▶ _Dataset entries_
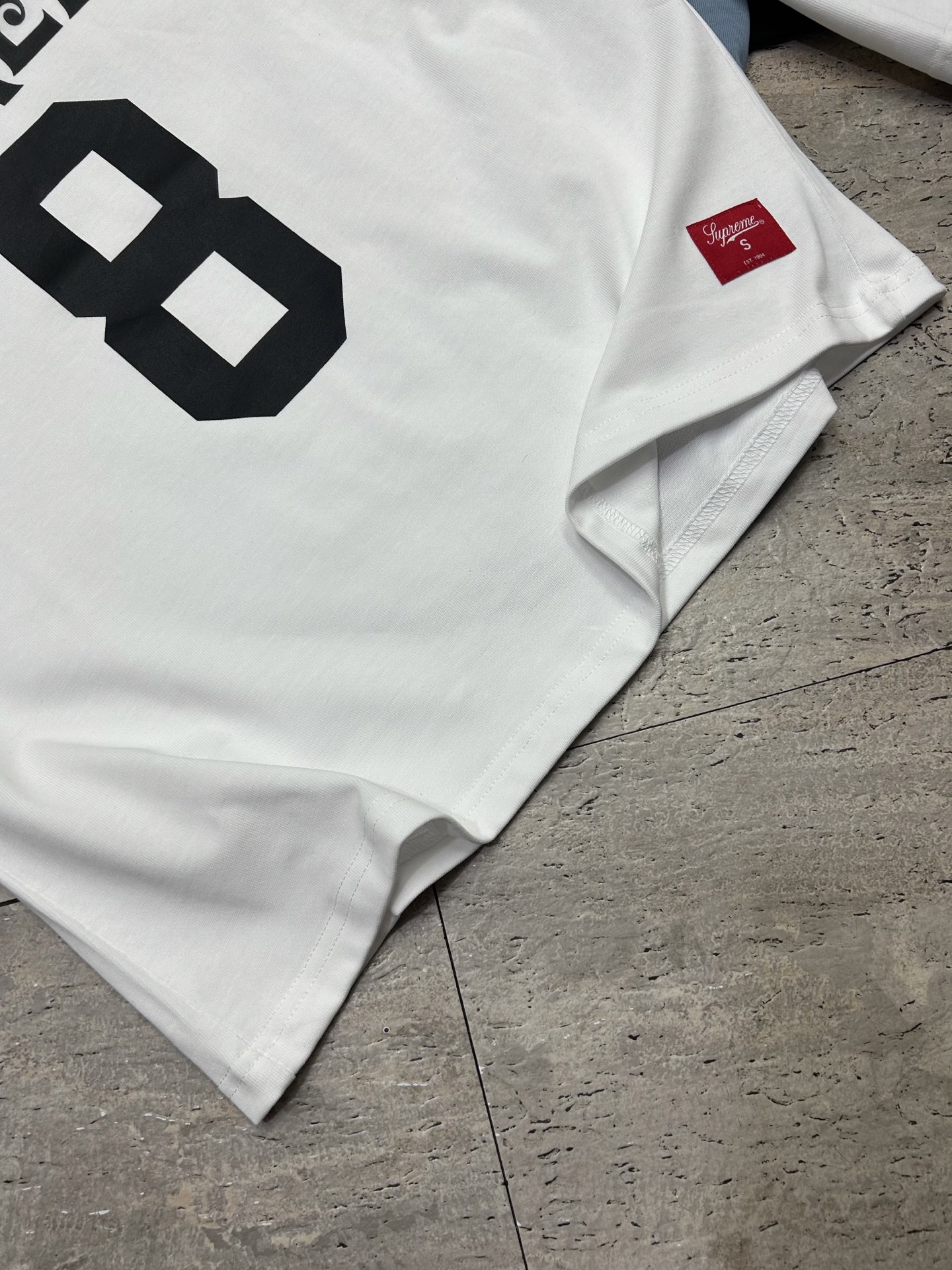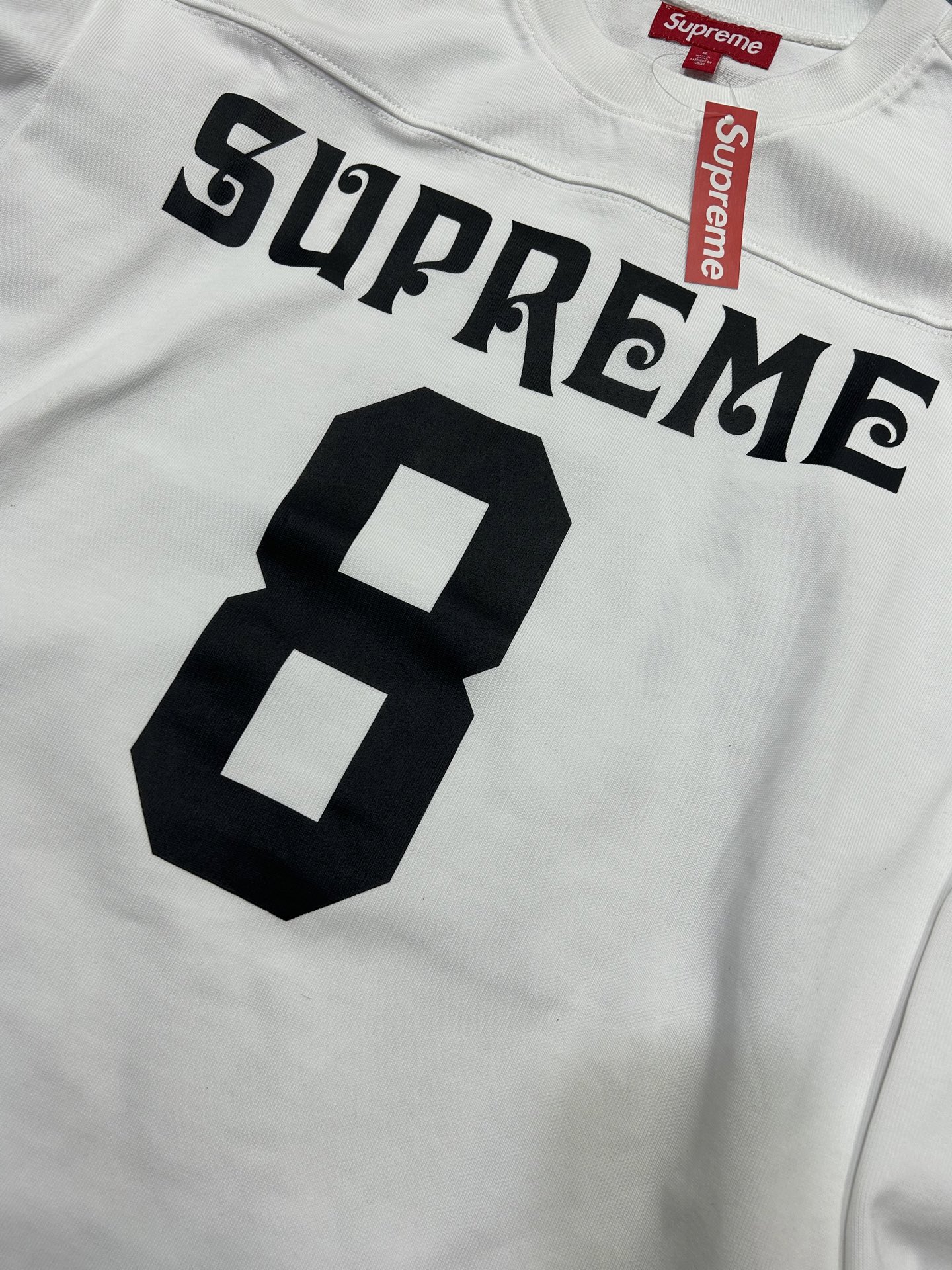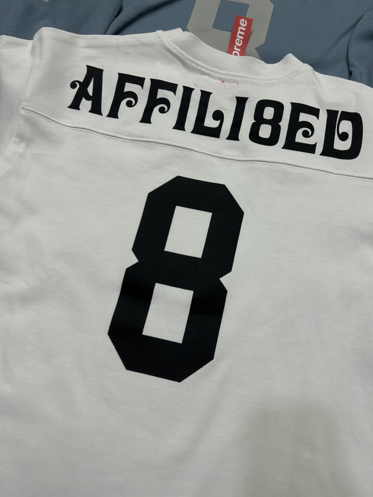 This Supreme SS25 Affiliated L/S Football Top is a standout piece. Featuring US number 8 in a Sanskrit font, this long-sleeve T-shirt blends streetwear aesthetics with unique cultural elements.
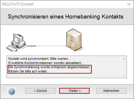 - Das Programm baut die Verbindung zum Internet auf und synchronisiert die Zugangsdaten.
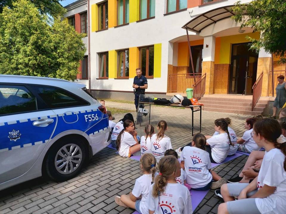 Okres letniego wypoczynku dzieci i młodzieży to czas wzmożonych działań profilaktycznych policjantów na rzecz szeroko rozumianego bezpieczeństwa. Policyjny profilaktyk z łaskiej komendy spotkał się z dziećmi wypoczywającymi na półkoloniach w Szkole Podstawowej imienia Jana Pawła II w Chociwu.
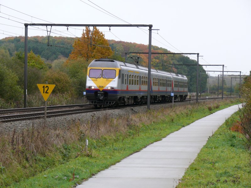 Triebwagen 304 der Serie AM80 als IR2934 Liers - Antwerpen-Centraal, hier aufgenommen kurz hinter Diest am 24/10/2009.
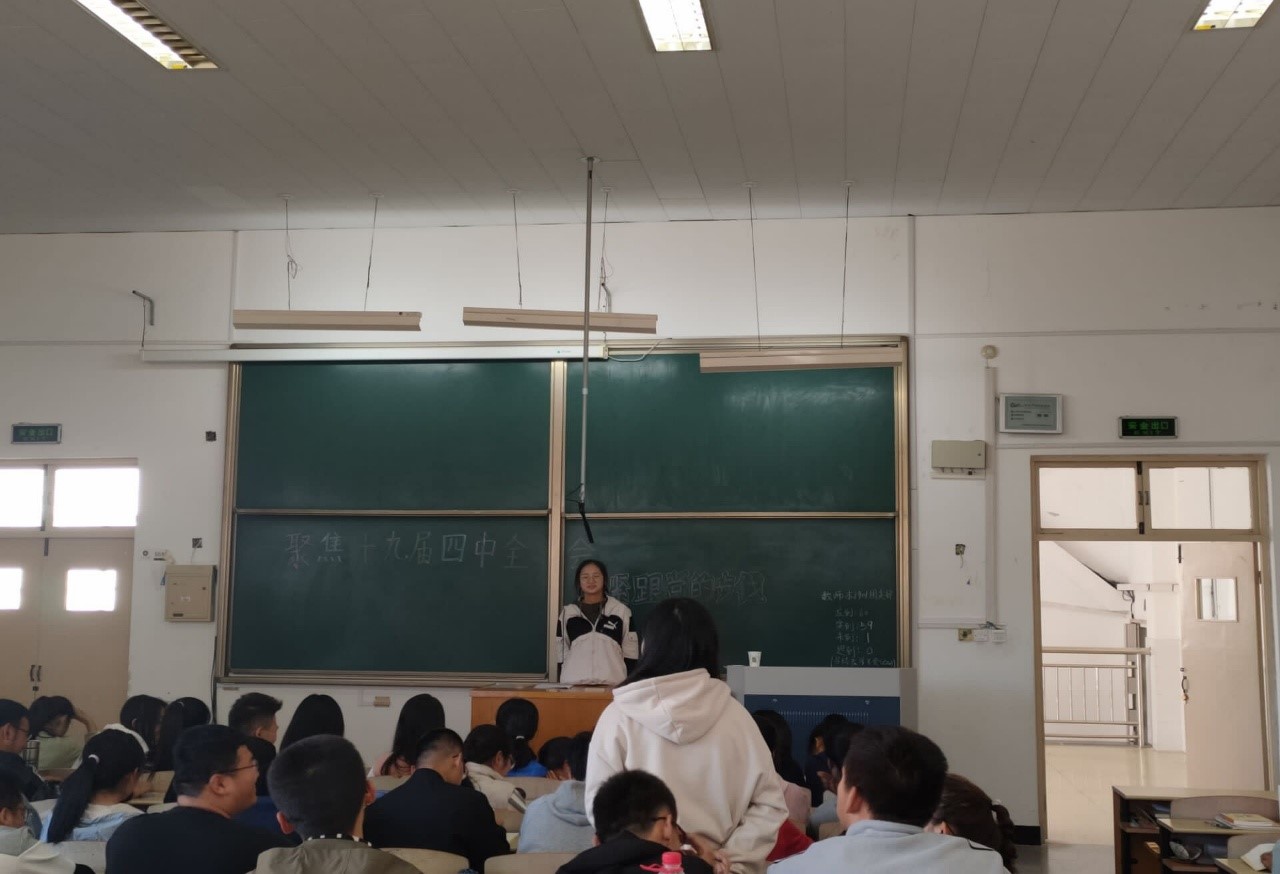 十九届四中全会指出,坚持和完善中国特色社会主义制度、推进国家治理体系和治理能力现代化是全党的一项重大战略任务。10月29日下午,学院组织2019级各团支部开展“聚焦十九届四中全会,紧跟党的步伐”主题团会。全体团员参加会议,会议由各支部团支书记主持。

▶ _Problem to work on_
Copy out every entry above, character for character, excluding pictures.

▶ _Task output_
 This Supreme SS25 Affiliated L/S Football Top is a standout piece. Featuring US number 8 in a Sanskrit font, this long-sleeve T-shirt blends streetwear aesthetics with unique cultural elements.
 - Das Programm baut die Verbindung zum Internet auf und synchronisiert die Zugangsdaten.
 Okres letniego wypoczynku dzieci i młodzieży to czas wzmożonych działań profilaktycznych policjantów na rzecz szeroko rozumianego bezpieczeństwa. Policyjny profilaktyk z łaskiej komendy spotkał się z dziećmi wypoczywającymi na półkoloniach w Szkole Podstawowej imienia Jana Pawła II w Chociwu.
 Triebwagen 304 der Serie AM80 als IR2934 Liers - Antwerpen-Centraal, hier aufgenommen kurz hinter Diest am 24/10/2009.
 十九届四中全会指出,坚持和完善中国特色社会主义制度、推进国家治理体系和治理能力现代化是全党的一项重大战略任务。10月29日下午,学院组织2019级各团支部开展“聚焦十九届四中全会,紧跟党的步伐”主题团会。全体团员参加会议,会议由各支部团支书记主持。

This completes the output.